Before explaining the regular expressions, give an example to illustrate the biggest disadvantage of wildcards. The purpose of the following example is to use wildcards to list files or directories whose first character in the "/etc" directory is capitalized.

Example:
$ cd /etc
$ LANG=POSIX Set the locales to "POSIX" (equivalent to "LANG=C" or "LANG=" to clear all language settings)
$ ls -d [A-Z]* | head -n 5 List the first 5 files or directories whose first character is uppercase using wildcards
ConsoleKit 
DIR_COLORS
Muttrc
DIR_COLORS.xterm 
Muttrc.local  
$ LANG=en_US.UTF-8 Set the locales to "en_US.UTF-8"
$ ls -d [A-Z]* | head -n 5 Repeat the same action once again
bashrc The output is different now.
blkid
bluetooth
bonobo-activation
capi.conf

The above experiments illustrate one of the biggest disadvantages of wildcards, that is, the output of the same command will be different on different machines or environments (different language settings may affect the sorting of wildcards ) .

If the same function is rewritten with ls and grep that supports regular expressions, there will be consistent output results, and no wildcards will affect the output due to different environments.

example:
$ cd /etc
$ LANG=POSIX
$ ls -d * | grep '[A-Z].*' | head -n 5 Use ls with grep to list the first 5 files or directories whose first character is uppercase.
ConsoleKit 
DIR_COLORS
DIR_COLORS.xterm
Muttrc
Muttrc.local  
$ LANG=en_US.UTF-8 Set the locales to "en_US.UTF-8"
$ ls -d * | grep '[A-Z].*' | head -n 5 Test the command again to see the results.
ConsoleKit The results are consistent now
DIR_COLORS
DIR_COLORS.xterm
Muttrc
Muttrc.local

Regular expressions themselves are not difficult, but correctly matching patterns requires experience and practice. Regular expressions can be divided into basic regular expressions (RE) and extended regular expressions (ERE).  However, the level of support for regular expressions varies among different software tools. Below are the levels of support for regular expressions in commonly used Unix/Linux tools.

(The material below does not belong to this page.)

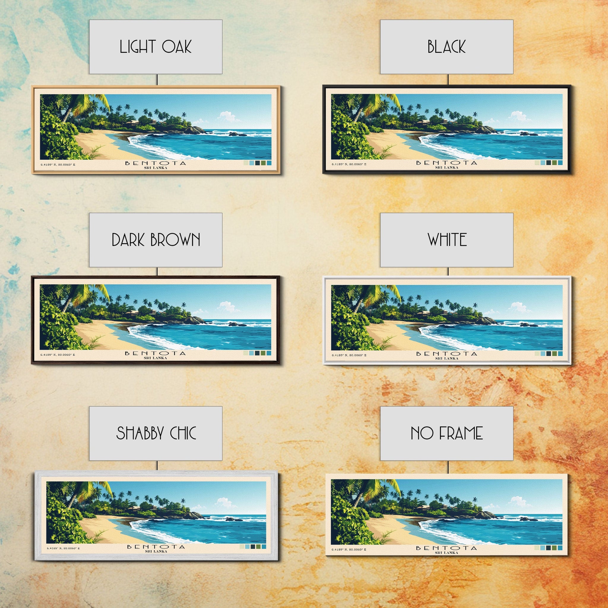 Bentota, Sri Lanka Panoramic Beach Print, Vacation Gift, Sri Lanka Wall Art, Framed Canvas Print, Framed Beach Painting

Utility basic regular expressions extended regular expressions
shell    
vi  
locate  
find
grep
sed
awk


^ back on top ^



  
1.1 Basic Regular Expressions (RE/BRE)

Basic Regular Expressions are often abbreviated as regex, RE, BRE or "posix-basic". The basic regular expression is the most basic usage in the regular expression. Generally, if there is no special explanation, the regular expression refers to the basic regular expression; if you use man to check the usage of a certain command , there is support for "regexp" or "regex" or " posix-basic" means that there is support for Basic Regular Expressions.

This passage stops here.